Showing posts with label Green Heroes quilt. Show all posts
Showing posts with label Green Heroes quilt. Show all posts

Monday, October 13, 2014

Green Heroes Completed. Finally.

I finally completed my quilt on ecologists, naturalists, nature activists, writers, legislators, and other "green" heroes. I started it in 2012. I embroidered the portraits and names on green and set the blocks with a green leaf print on black.

Aldo Leopold, "A Sand County Almanac" author
I wanted to try something new. I decided to quilt images representing the different 'heroes' achievements. I don't think it is really successful. There is too much unquilted space.

I found the dark border fabric very hard to quilt. I used a green thread darker than the block fabrics. I quilted around the leaf shapes in the inner border and did a Methodist (sometimes called Baptist) fan in the outer border.

I hated doing the quilting, every one-and-a half spools of thread of it. Partly because the dark fabric made it hard to see the quilting, but also because I was so unsatisfied with the quilting...perhaps because I could not see it! I started it on my quilt frame, but found it was hard on my back and switched to a hoop.

The quilting took all winter and all summer and into the fall.
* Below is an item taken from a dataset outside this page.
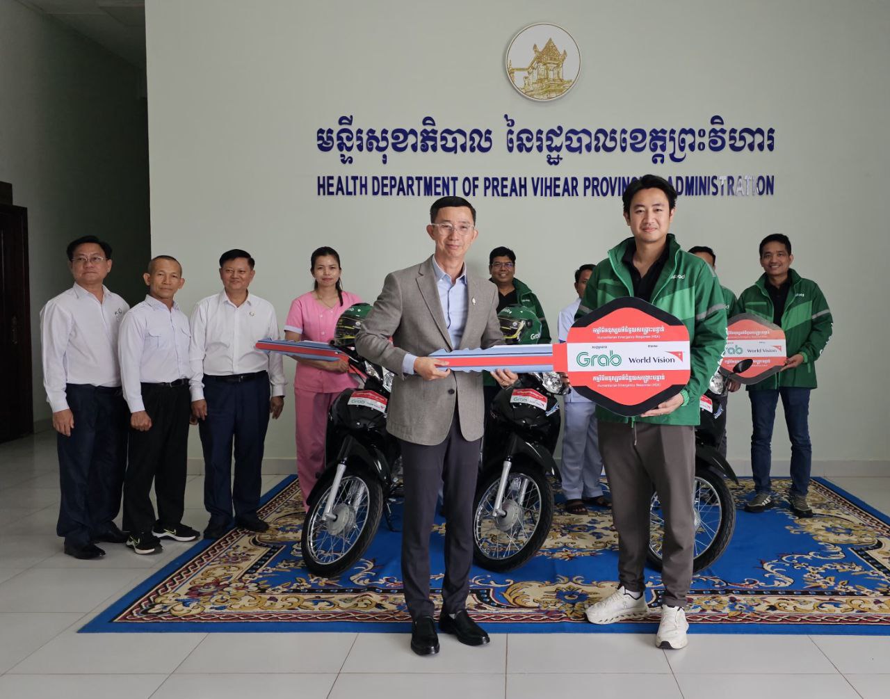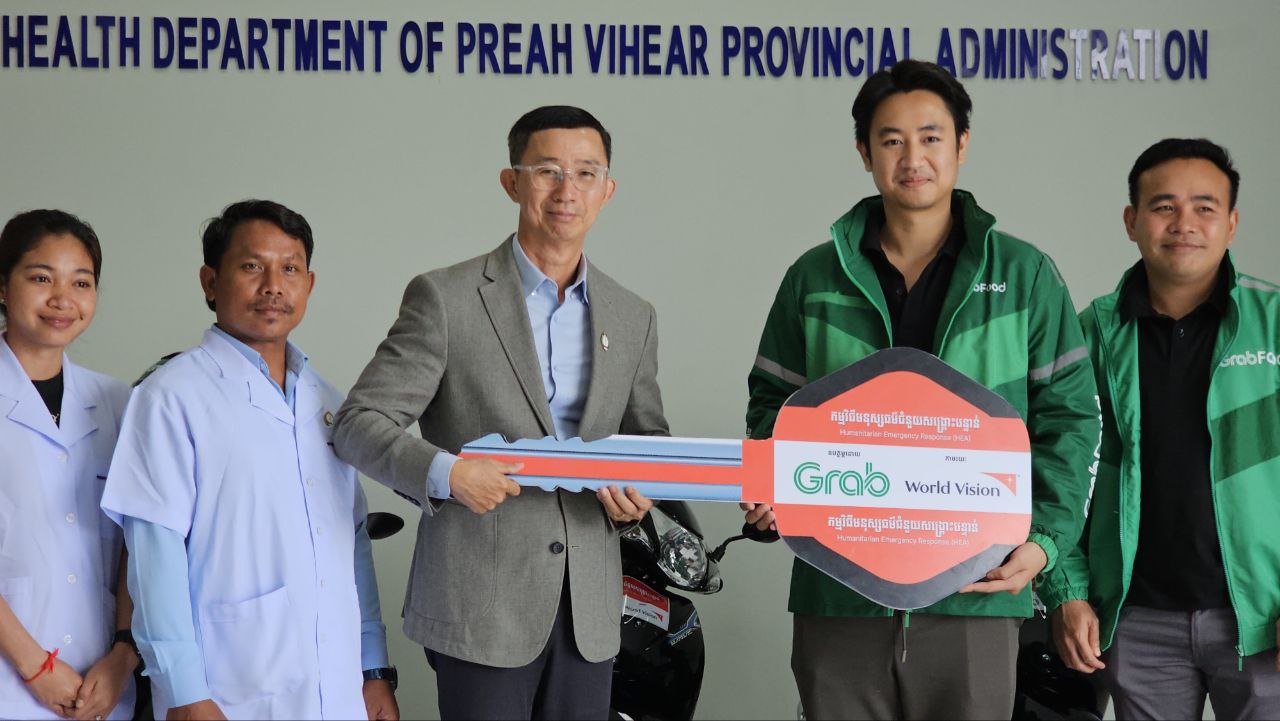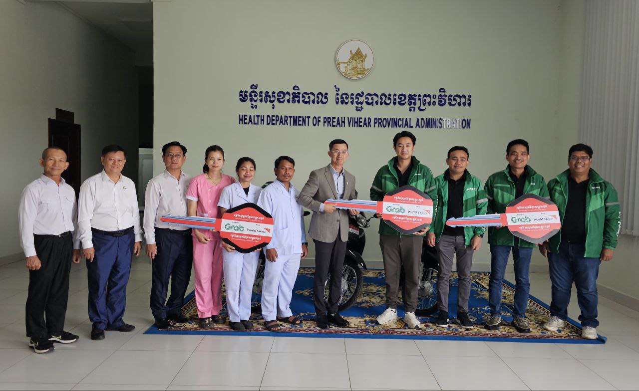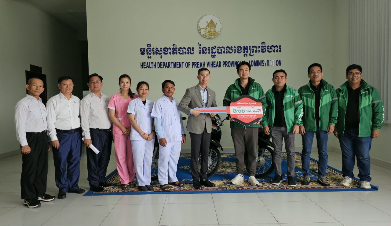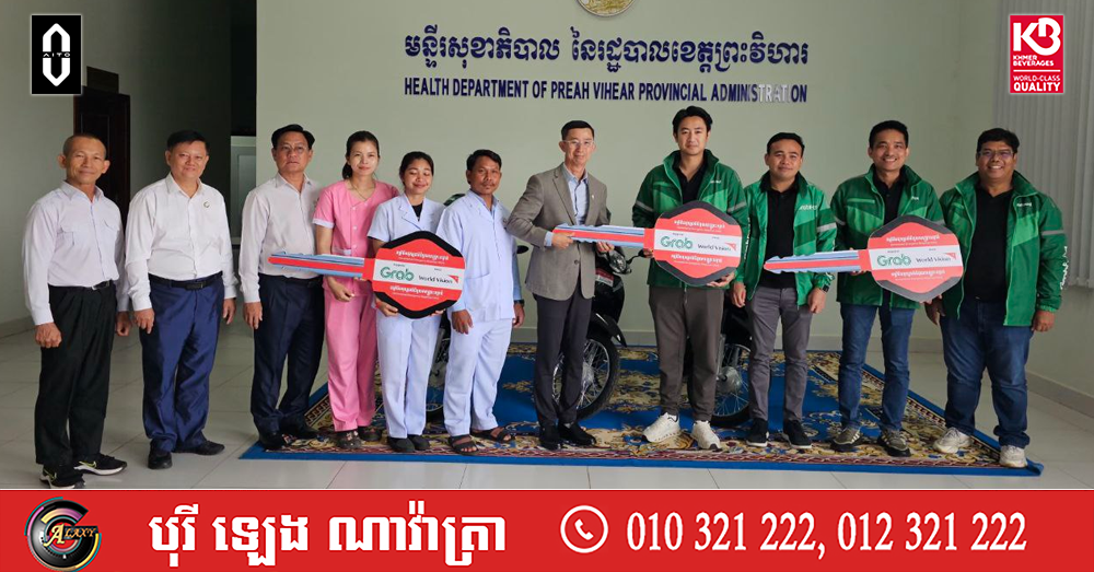 (ព្រះវិហារ)៖ ម៉ូតូចំនួន៣គ្រឿង ជាអំណោយរបស់ក្រុមហ៊ុន Grab តាមរយៈអង្គការទស្សនៈពិភពលោក ត្រូវបានប្រគល់ជូនមន្ទីរសុខាភិបាលខេត្តព្រះវិហារ នាថ្ងៃទី២៧ ខែកុម្ភៈ ឆ្នាំ២០២៦ ក្រោមវត្តមានរបស់លោកវេជ្ជបណ្ឌិត គួង ឡូ ទីប្រឹក្សាក្រសួងសុខាភិបាល និងជាប្រធានមន្ទីរសុខាភិបាលខេត្តព្រះវិហារ ព្រមទាំងមន្ត្រីពាក់ព័ន្ធជាច្រើនរូប។

It was packed up for three months or more because of moving. I lived in three addresses while I worked on it.

To illustrate how I did the quilting design, here is John James Audubon.


I chose his turkey illustration for the left side area behind his head.

Here is what the quilting looks like; I turned the photo into black and white so that the stitching shows up better.

Lois Gibbs, the grass roots organizer of Love Canal, has the danger sign on the left and a house and swing set on the right. I wrote a blog post about her on Nov. 5, 2012 found here: http://theliteratequilter.blogspot.com/2012/11/my-green-heroes-quilt-lois-gibbs.html

It is one of my posts with the most traffic.

For Pete Seeger, the Clearwater sloop is in the background to represent his work with the Hudson River "Clearwater" Revival
And of course his banjo with it's famous saying also appears in the quilting.

I finished the binding today while watching Ken Burn's series The Roosevelts on TiVo. Teddy died in the episode I was watching. Of course he is on my quilt because of his work creating the national park system. 

Only a few of the drawing used for the embroidery were created by me. The rest were drawings from Better World Heroes "Eco Heroes," There are twenty "heroes" on the quilt.



Audubon






Rachel Carson

Wendell Berry







Monday, January 6, 2014

Love Entwined Center Completed

 
I finished the last corner floral vase on the Love Entwined applique quilt. Esther Aliu's Yahoo group has hundreds of people from across the world making this 1790 reproduction. The variety of interpretations is mind boggling!
 
The next pattern will not be released until the 15th, so I have time to work on my "Green Heroes" quilt, which has been languishing for months waiting me to finish the hand quilting. I am quilting motifs relevant to each "hero". Adolph Leopold, author of Sand County Almanac, has images from his book cover with a heron. Annie Dillard, author of Pilgrim at Tinker Creek has a forest and, hopefully a recognizable creek.
 
 

Leopold founded a new way of looking at the wilderness, and forged an new ethic:
"The land ethic simply enlarges the boundaries of the community to include soils, waters, plants, and animals, or collectively: the land."

 
Dillard's 1974 book won the Pulitzer Prize. Her observations of nature and thoughts about life and God were very inspiring to me when I read her book when it came out. 
 
Meantime we in Michigan have undergone a terrific snow storm just a week after 50,000 people got their power back after an ice storm. We had a mere foot of snow here.
 
Today we finally have some sunshine, but a wind chill that is Arctic. Sounds like good weather for hand quilting on a hoop, because that quilt will keep me warm!